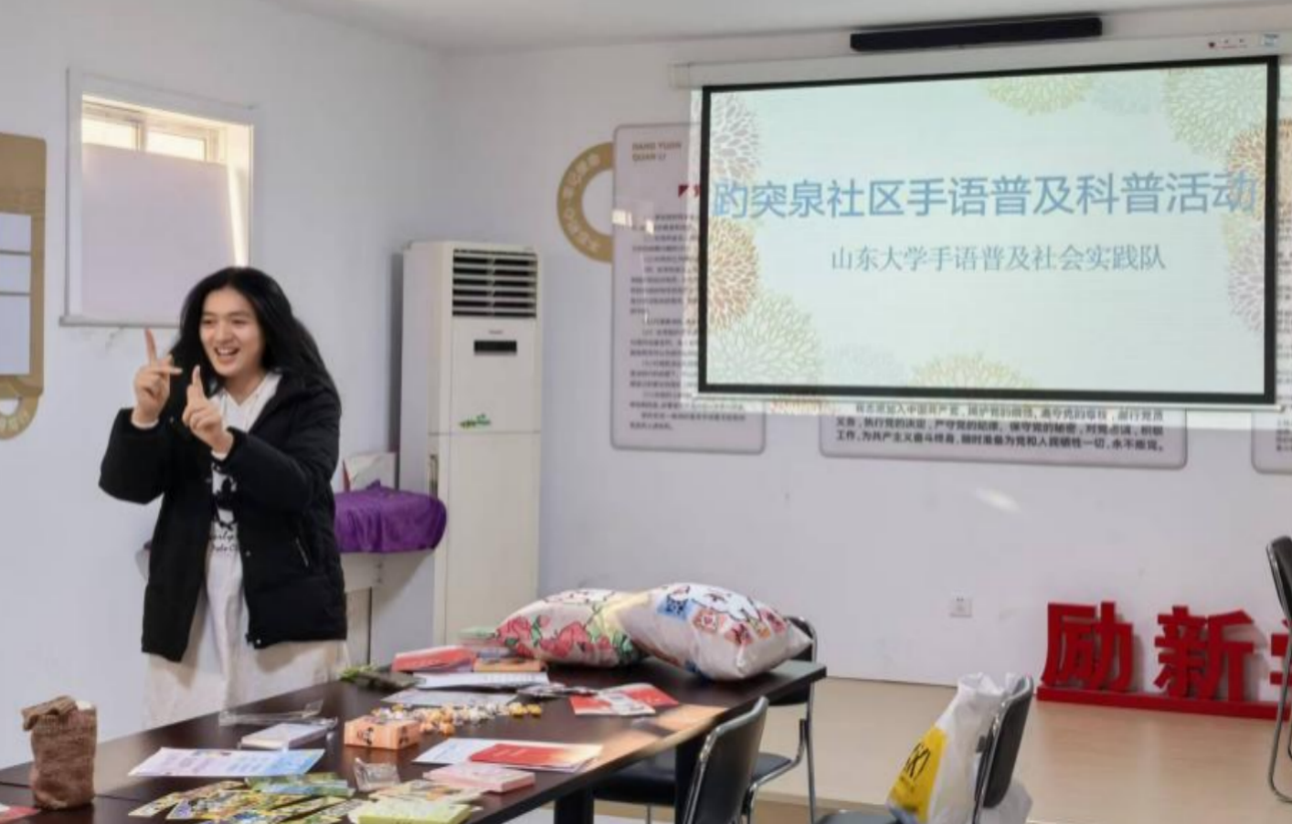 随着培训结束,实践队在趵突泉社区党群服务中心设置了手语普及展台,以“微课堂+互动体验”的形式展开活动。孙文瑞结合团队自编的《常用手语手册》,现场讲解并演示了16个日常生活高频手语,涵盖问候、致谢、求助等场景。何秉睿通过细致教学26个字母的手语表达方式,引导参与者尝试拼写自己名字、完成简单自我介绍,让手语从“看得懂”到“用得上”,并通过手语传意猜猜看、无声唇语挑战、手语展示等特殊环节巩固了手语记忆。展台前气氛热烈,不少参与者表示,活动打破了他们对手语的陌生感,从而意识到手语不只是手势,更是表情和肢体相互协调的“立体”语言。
————
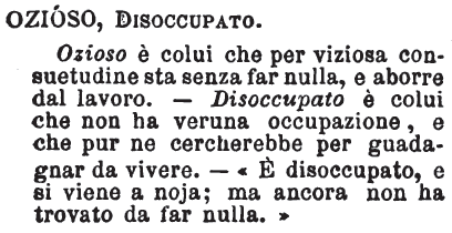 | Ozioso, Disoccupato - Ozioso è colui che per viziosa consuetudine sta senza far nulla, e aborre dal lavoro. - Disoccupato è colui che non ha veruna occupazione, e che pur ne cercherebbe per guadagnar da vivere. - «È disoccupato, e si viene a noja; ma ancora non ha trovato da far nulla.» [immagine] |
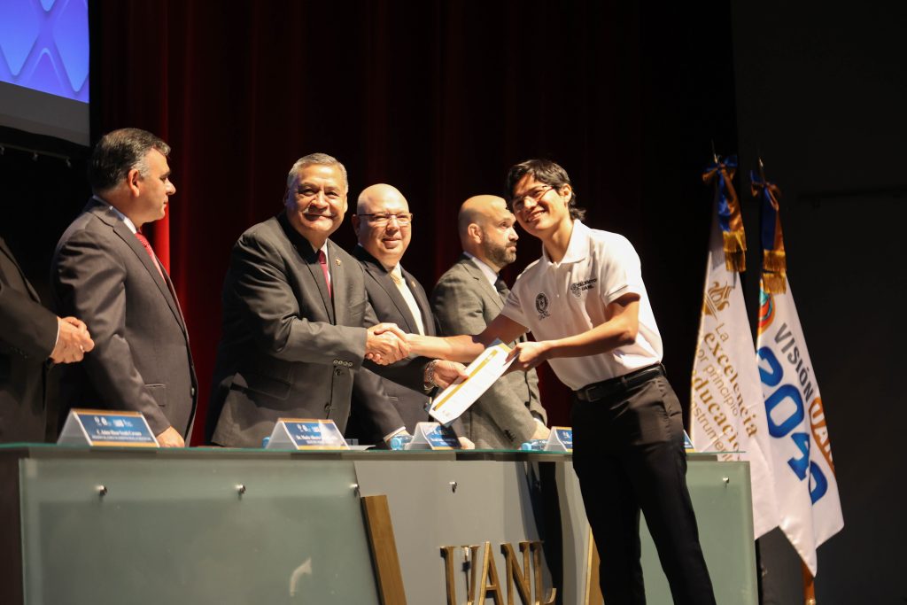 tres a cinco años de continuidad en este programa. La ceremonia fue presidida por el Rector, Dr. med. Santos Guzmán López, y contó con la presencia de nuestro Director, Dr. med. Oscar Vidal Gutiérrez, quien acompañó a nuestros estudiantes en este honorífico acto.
————
| Work required |
The answer is those lines of the material above that run from the one containing "Disoccupato - Ozioso" up to and including the one containing "tres a cinco", restated exactly and without images.

| Task result |
 | Ozioso, Disoccupato - Ozioso è colui che per viziosa consuetudine sta senza far nulla, e aborre dal lavoro. - Disoccupato è colui che non ha veruna occupazione, e che pur ne cercherebbe per guadagnar da vivere. - «È disoccupato, e si viene a noja; ma ancora non ha trovato da far nulla.» [immagine] |
 tres a cinco años de continuidad en este programa. La ceremonia fue presidida por el Rector, Dr. med. Santos Guzmán López, y contó con la presencia de nuestro Director, Dr. med. Oscar Vidal Gutiérrez, quien acompañó a nuestros estudiantes en este honorífico acto.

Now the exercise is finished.